Grue frowned, looking a little unsure.
“He’s corporate,” I spoke. “Major-leagues corporate.” I hesitated, a little surprised I’d spoken at all, before deciding to press on. “We suspect he works for Ares. They’d have the most interest in getting a mole into Medhall’s clandestine dealings, and they must monitor anything Medhall-related that comes through your auction house.”
“Suspicions are dangerous,” Faultline replied, “unless you can turn them into certainties. You can run wild chasing suspicions, but the only useful information is that which can be proven.”
It sounded like she was censuring me, and part of me bristled at that.
“You can prove it,” I said, trying not to make the retort sound like a retort. “You must know who he is or else you wouldn’t trust that he’s good for the money he’s promising.”
“I do know,” Faultline shrugged her shoulders. “But I cannot and will not tell you. He’s my client, which means I have a duty to maintain his anonymity even from you.”
“Then why ask?” Grue questioned. “Why encourage us to speculate on what he wants?”
“Because I think this is the precursor for something more. I think he represents change, interfering with the city’s balance of power. Change isn’t inherently bad or good, of course, but I'm both a fixer and an information broker. That means I need to predict change, be aware of it, and plan accordingly to ensure that no matter what happens to the rest of the city, my own operation remains intact.”
She leant back in her seat, her eyes flicking momentarily over to where the suit of armour sat in a corner behind me.
“The most valuable lesson you can learn as a Shadowrunner is that clients lie. They have ulterior motives, hidden agendas, embarrassing secrets or signs of weakness they don’t want you to know about. If you allow yourself to spiral into suspicion over that, you’ll lose focus on the task at hand and lose out on your payment. If you allow yourself to become complacent and fail to verify or deny warning signs, you might lose your life.”
She looked back, fixing the two of us with a pointed stare – first Grue, then me.
“I’ll give you this for free.
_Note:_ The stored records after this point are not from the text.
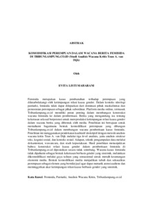 Femisida merupakan kasus pembunuhan terhadap perempuan yang dilatarbelakangi oleh ketimpangan relasi kuasa gender. Dalam konteks ideologi patriarki, femisida tidak dapat dilepaskan dari dominasi pihak maskulinitas dan pemosisian perempuan sebagai pihak subordinat. Platform media online, termasuk Tribunlampung.co.id memiliki peran penting dalam membangun konstruksi wacana femisida ke dalam pemberitaan. Berita yang mengandung isu tentang kekerasan seksual berpotensi untuk mereproduksi ketimpangan relasi kuasa gender dalam wacana berita yang dibentuk oleh media. Penelitian ini bertujuan untuk memahami bagaimana bentuk komodifikasi perempuan yang dibangun Tribunlampung.co.id dalam membangun wacana pemberitaan kasus femisida. Penelitian ini menggunakan pendekatan kualitatif deskriptif dengan metode analisis wacana kritis Teun A. van Dijk melalui tiga level analisis, yaitu analisis struktur teks, kognisi sosial, dan konteks sosial. Adapun, teknik pengumpulan data melalui dokumentasi, wawancara, dan studi kepustakaan. Hasil penelitian menunjukkan bahwa konstruksi relasi kuasa gender dalam pemberitaan femisida di Tribunlampung.co.id diposisikan secara tidak seimbang. Wacana kasus femisida tidak dipahami sebagai bentuk kekerasan berbasis gender yang sistemik, melainkan dikomodifikasi melalui gaya tulisan yang sensasional untuk meraih keuntungan ekonomi media. Bentuk komodifikasi media menjadikan tubuh dan seksualitas perempuan sebagai elemen yang bernilai jual agar dapat menarik atensi audiens dan meminggirkan akar ketimpangan relasi kuasa berbasis gender yang sistemik. Kata Kunci: Femisida, Patriarki, Analisis Wacana Kritis, Tribunlampung.co.id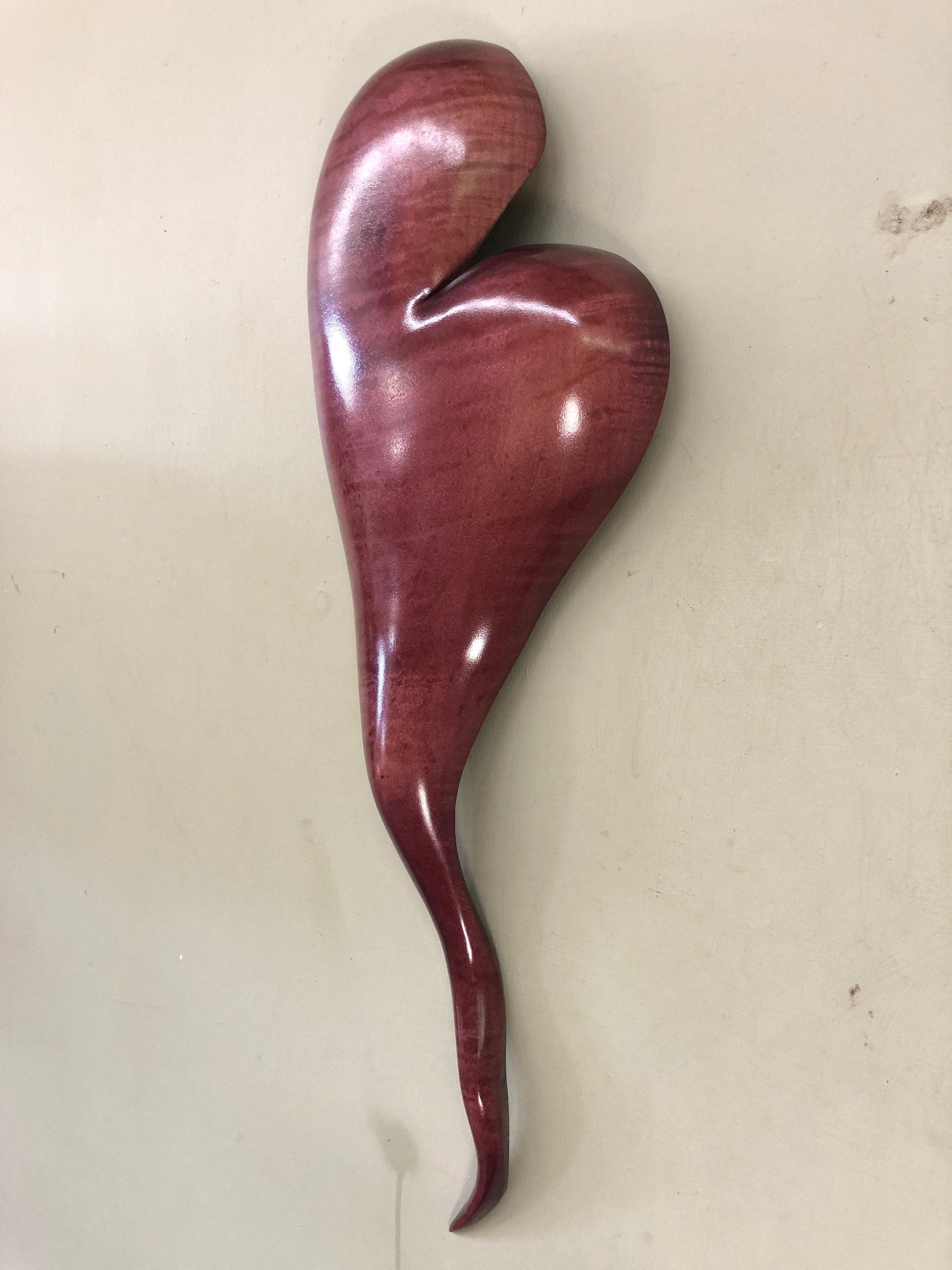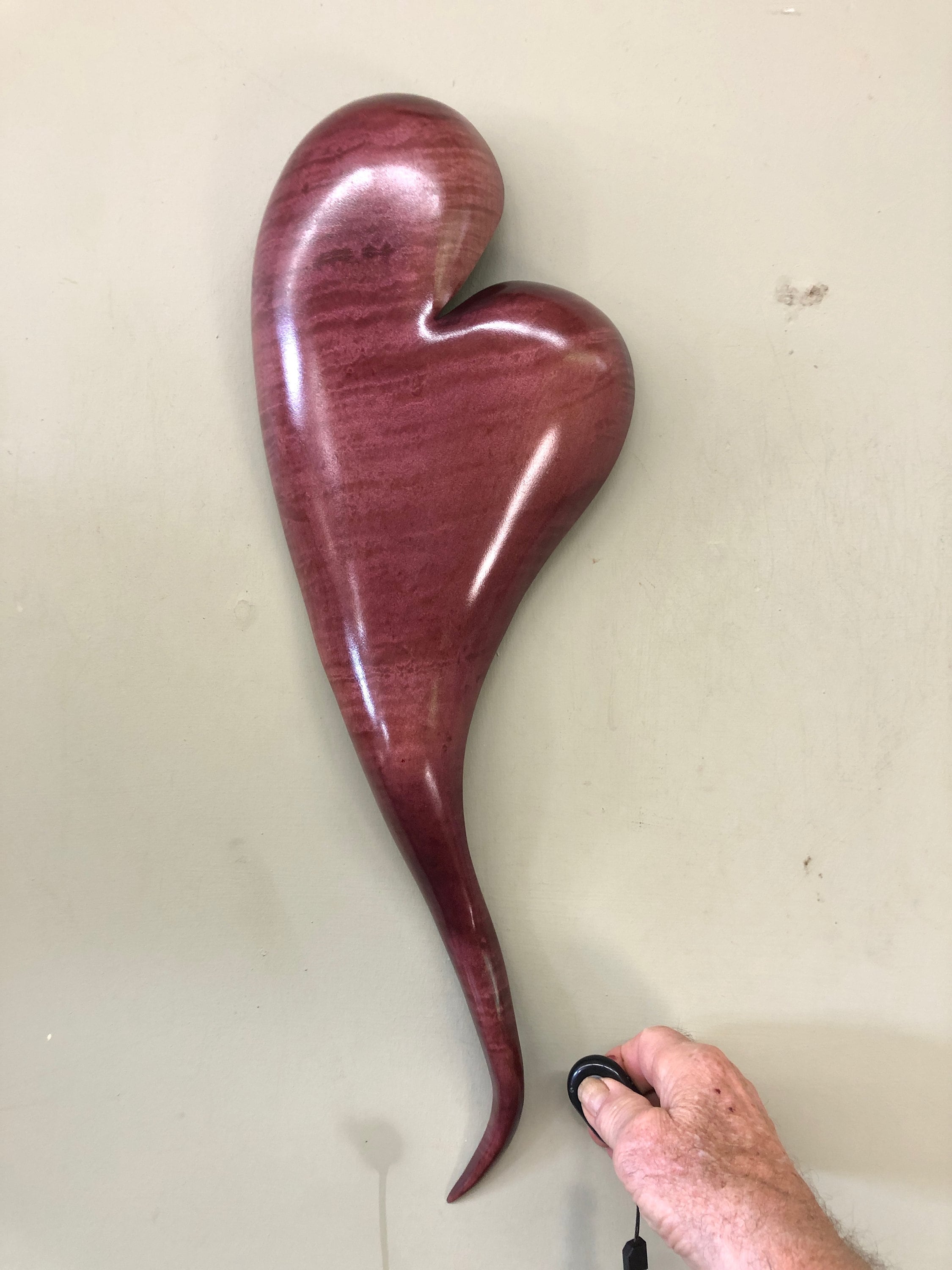 I sure love that there are so many ways to design a heart. There's short and fat, tall and thin, curvy abstract and classical shapes. I love them all! These hearts are each a unique piece. I don't use patterns and each piece of wood is unique. I started carving in 1971 and I've been carving full time since 1978. I still love what I do. There is still something to be amazed about every day! That is what Life is all about for me.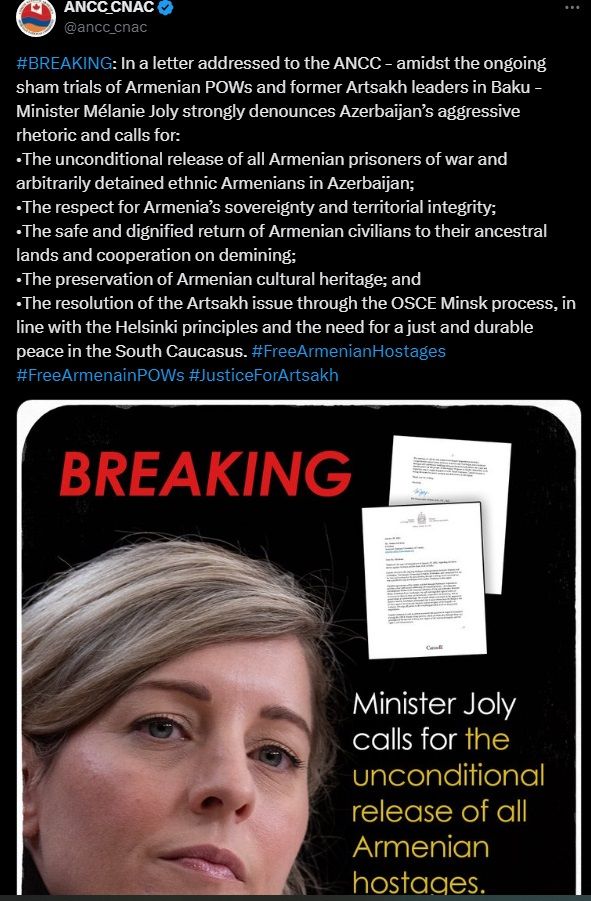 It should be noted that representatives of the Armenian National Committee, one of the most active and brazen organizations of the Armenian lobby, spread across America and Canada, have recently started making a fuss about a group of war criminals imprisoned in Baku. The published claims state that officials also want their release, but when it comes to the fact that FM Mélanie Joly and others have expressed such an opinion, this cannot be confirmed. Therefore, Azernews continued to find in-depth reports and visited Madam Joly’s X page. Looking at the latest posts, we cannot find any information about the imprisoned war criminals. It seems that the FM herself is not aware of the information published about her on social media networks by Armenians.

Your client is something new. Be careful, and be here tomorrow at twenty-hundred hours, after sunset.”
Grue and I shared an uneasy look, as Gregor moved around the desk to open the door to the office. Grue’s features held a conflicted expression, as eagerness at a bigger and better job warred with unease at Faultline’s cryptic warning or lesson. I knew that whatever I felt about us would have to wait; we couldn’t afford to be anything less than focused on the task at hand.